**DATA SHOWN**:

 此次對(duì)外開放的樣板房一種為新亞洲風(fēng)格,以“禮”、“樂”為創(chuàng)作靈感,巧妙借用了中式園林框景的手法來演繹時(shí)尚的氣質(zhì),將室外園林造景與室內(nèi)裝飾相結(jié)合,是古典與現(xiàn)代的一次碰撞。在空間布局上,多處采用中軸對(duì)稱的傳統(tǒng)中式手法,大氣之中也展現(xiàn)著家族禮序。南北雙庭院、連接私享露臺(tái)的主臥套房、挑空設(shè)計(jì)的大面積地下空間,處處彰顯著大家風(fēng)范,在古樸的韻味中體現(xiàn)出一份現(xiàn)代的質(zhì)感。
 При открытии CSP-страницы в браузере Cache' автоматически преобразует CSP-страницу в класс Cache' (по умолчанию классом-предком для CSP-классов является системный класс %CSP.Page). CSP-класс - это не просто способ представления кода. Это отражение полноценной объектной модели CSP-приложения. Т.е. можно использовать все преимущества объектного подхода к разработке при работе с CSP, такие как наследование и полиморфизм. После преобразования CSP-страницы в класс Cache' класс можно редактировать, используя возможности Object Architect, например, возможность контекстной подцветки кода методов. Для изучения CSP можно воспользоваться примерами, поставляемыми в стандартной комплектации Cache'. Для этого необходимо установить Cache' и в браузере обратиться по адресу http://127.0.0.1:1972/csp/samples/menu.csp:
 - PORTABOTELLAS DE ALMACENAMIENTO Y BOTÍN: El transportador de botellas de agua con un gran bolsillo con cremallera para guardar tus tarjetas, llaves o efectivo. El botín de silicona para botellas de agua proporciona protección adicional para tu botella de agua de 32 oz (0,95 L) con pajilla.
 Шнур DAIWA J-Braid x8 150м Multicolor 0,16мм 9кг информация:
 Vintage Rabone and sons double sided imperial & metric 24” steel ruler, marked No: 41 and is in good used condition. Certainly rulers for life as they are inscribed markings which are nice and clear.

==

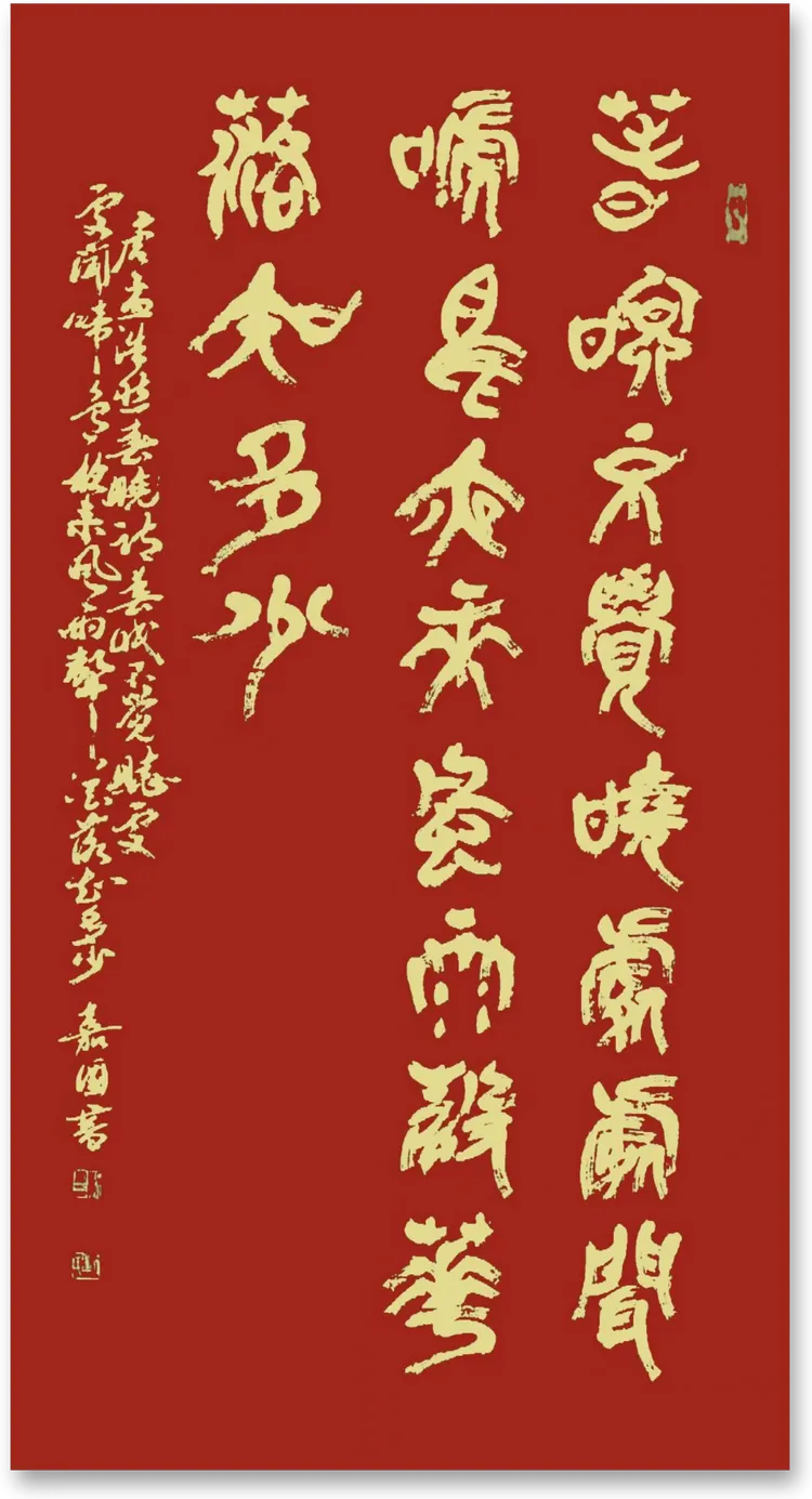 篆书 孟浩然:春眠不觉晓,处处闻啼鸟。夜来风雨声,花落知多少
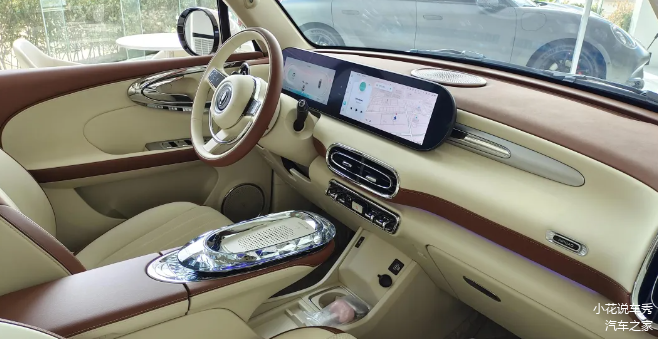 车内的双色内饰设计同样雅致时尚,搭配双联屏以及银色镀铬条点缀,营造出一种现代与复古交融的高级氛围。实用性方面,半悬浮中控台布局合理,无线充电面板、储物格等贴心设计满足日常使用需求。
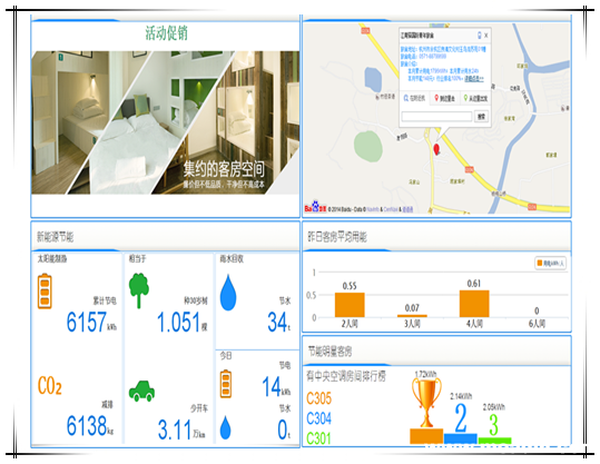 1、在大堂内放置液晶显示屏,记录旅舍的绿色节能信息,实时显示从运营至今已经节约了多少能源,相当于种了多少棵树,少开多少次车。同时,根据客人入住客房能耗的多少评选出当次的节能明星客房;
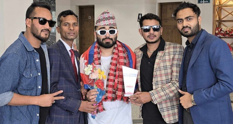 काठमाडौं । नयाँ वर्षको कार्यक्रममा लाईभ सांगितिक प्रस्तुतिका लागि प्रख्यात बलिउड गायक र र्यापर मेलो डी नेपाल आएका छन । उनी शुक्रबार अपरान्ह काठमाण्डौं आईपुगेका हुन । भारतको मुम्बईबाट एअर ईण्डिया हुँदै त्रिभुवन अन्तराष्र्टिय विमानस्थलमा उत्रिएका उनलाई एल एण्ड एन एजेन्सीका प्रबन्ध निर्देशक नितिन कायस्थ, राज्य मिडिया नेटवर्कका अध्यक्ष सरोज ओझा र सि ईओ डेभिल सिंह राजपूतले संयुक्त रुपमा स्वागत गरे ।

**WORK ITEM**: Above are some entries. Restate word for word the lines from the one holding "车内的双色内饰设计同样雅致时" through the one holding "1、在大堂内放置液晶显示屏,记录旅舍的绿", but not the pictures.

**WRITTEN SOLUTION**:
 车内的双色内饰设计同样雅致时尚,搭配双联屏以及银色镀铬条点缀,营造出一种现代与复古交融的高级氛围。实用性方面,半悬浮中控台布局合理,无线充电面板、储物格等贴心设计满足日常使用需求。
 1、在大堂内放置液晶显示屏,记录旅舍的绿色节能信息,实时显示从运营至今已经节约了多少能源,相当于种了多少棵树,少开多少次车。同时,根据客人入住客房能耗的多少评选出当次的节能明星客房;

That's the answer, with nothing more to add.